14

Cada vez que saltaba el buzón de voz de Mandy, Jamie se ponía más nervioso. Su hija había caído enferma, Mandy se encontraba en peligro y él no podía hacer nada por ninguna de las dos.

Cuando Linda bajó las escaleras, Jamie le preguntó si las chicas estaban bien.

—Están tranquilas, pero muy asustadas.

Le temblaban las comisuras de los labios. Ella también estaba asustada.

—¿Crees que debo subir? —preguntó él.

—Estarán bien durante un rato. ¿Puedo preparar más café? Jamie le enseñó dónde lo guardaba.

—¿Ha pasado algo más? —le preguntó Linda—. Se te ve muy alterado.

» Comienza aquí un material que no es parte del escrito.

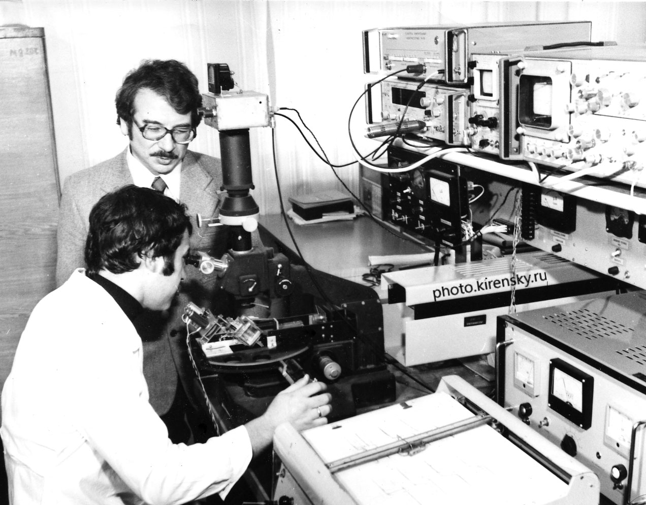пленок Института физики им. Л.В. Киренского Сибирского отделения Академии наук СССР (ИФ СО АН СССР), за одной из установок по изучению свойств пленок. Установка разработана и собрана в лаборатории. Снимок 1977 года. Красноярск.
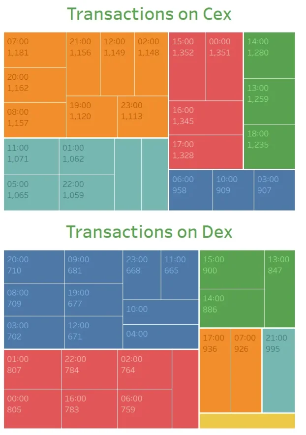 从 DEX 和 CEX 的转账可以明显的看出,资金更加活跃在交易所,并且是美国时区的资金。
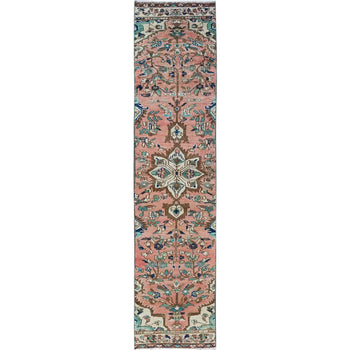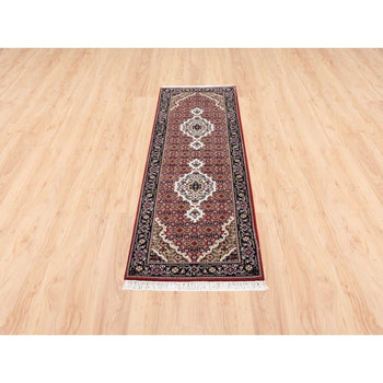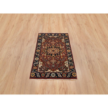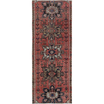 3'10"X12'1" Red Pure Wool Hand Knotted Heris Re-Creation Wide Runner Rug
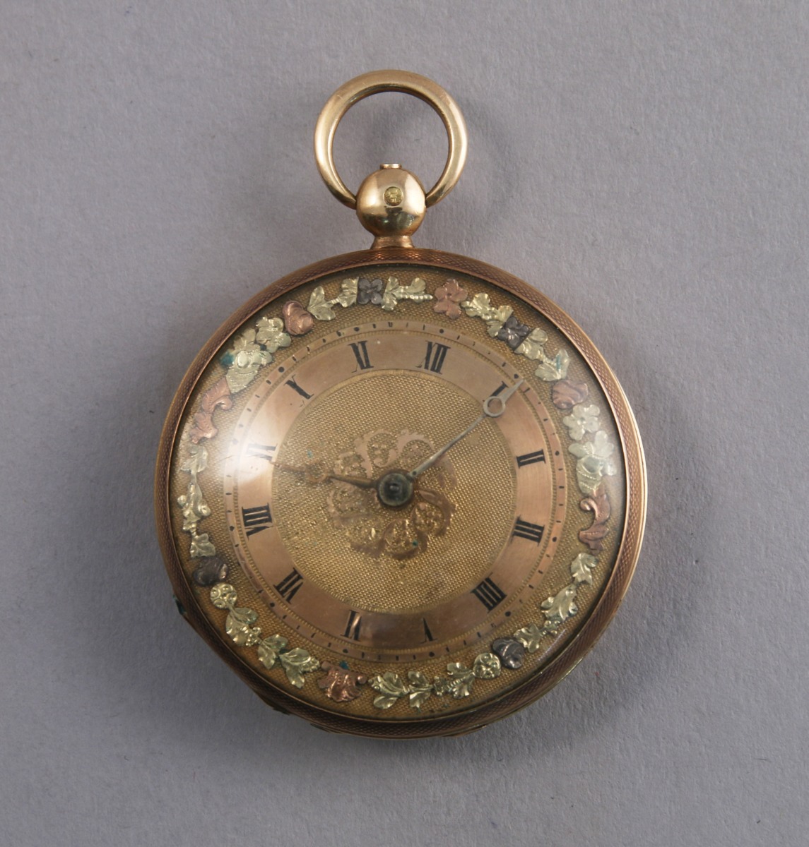 MONTRE de GOUSSET en or jaune, à clé. Le boitier guilloché. Le cadran en or deux tons gradué pour les minutes avec les heures en chiffres romains. Le mouvement orné d'un coqc en or jaune ajouré.
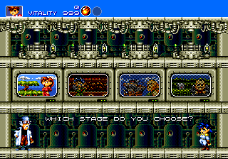 There is also a decent bit of variety throughout the stages; many of which have been done before in one way or another, though never quite so well. The second level, with its breakneck magnetic mine car ride and incredible boss fight, with the now-famous Seven Force, is something that everyone simply needs to experience. It’s a gigantic robot with the ability to transform into seven different mechas, such as a phoenix or a huge revolver. Black’s palace is represented as a board game, with each square containing some kind of brief, unique challenges. In one, you need to destroy a vehicle as fast as possible. Another is an obstacle course. Yet another is a fight against a tiny robot a fraction of your size that can still toss you across the screen. One square totally bans weapons. Lots of them are completely crazy and just go to show off some of the fancy effects that Treasure decided to stick in. The horizontal shoot ’em up stage that takes place later on is also quite fun and well designed enough to be its own game. The final stage begins with all of the bosses watching your attack on a gigantic television screen. After you fight through them, one by one, they’re called out of the control room and into battle, before you finally storm in there yourself to confront the last boss. Every element is so well crafted that it seems much larger than its seven stages. You can also pick the order in which to tackle the first four stages, and beating each one will extend your starting HP by 20 points.
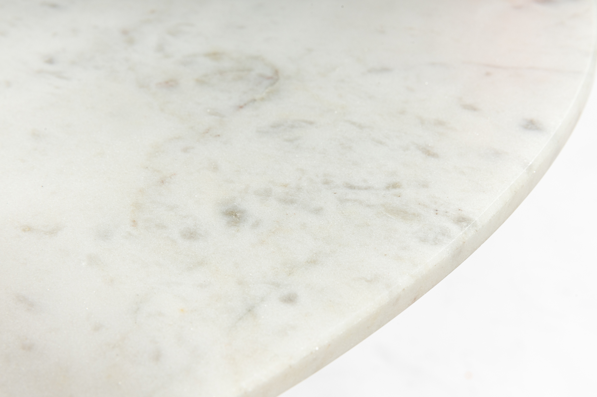 Дизайнерский круглый кофейный стол Slender олицетворяет современный стиль и комфорт. Большая столешница в форме круга на металлической ножке выполнена из природного мрамора. Благодаря этому изделие отличается не только изысканным дизайном, но и невероятной практичностью.

—Es por una amiga mía. Su marido se ha infectado. Y cuando estaba hablando con ella, él la ha atacado.

—Dios… Si tienes que ir a ayudarla, yo cuidaré de las chicas. —Está en Indianápolis.

—Ah.

Se quedaron mirando cómo goteaba el café a través del filtro. Jamie volvió a llamar a Mandy, pero colgó antes de que saltara el buzón.

—Esto es una pesadilla.

—¿Es una buena amiga?

—Sí.

—Espero que no le haya pasado nada.

Jamie subió al cuarto de Emma. Poco después se le unió Linda. Traía dos tazas de café y una bolsa de galletas con pepitas de chocolate que había encontrado abierta en la encimera.

—Es café solo. No sé cómo lo tomas.

—Así está bien.

Las chicas estaban sentadas en el suelo hombro con hombro. Tres pares de ojos, incluidos los del perro, siguieron fijamente el movimiento de las galletas.

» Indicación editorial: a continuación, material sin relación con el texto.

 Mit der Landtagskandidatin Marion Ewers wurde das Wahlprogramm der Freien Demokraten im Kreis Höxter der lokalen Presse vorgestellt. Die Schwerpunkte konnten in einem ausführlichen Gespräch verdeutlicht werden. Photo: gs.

—He oído a través de la puerta que les estabas hablando. ¿Qué les decías?

—Le intentaba enseñar a Emma su nombre.

Kyra se puso en pie de un salto y le arrebató la bolsa de galletas a su madre. Empezó a engullirlas, metiéndoselas en la boca de tres en tres, y cuando se le cayó una al suelo, Emma se abalanzó sobre ella, adelantándose a Romulus por un pelo.

Linda se sentó en la cama y se las quedó mirando.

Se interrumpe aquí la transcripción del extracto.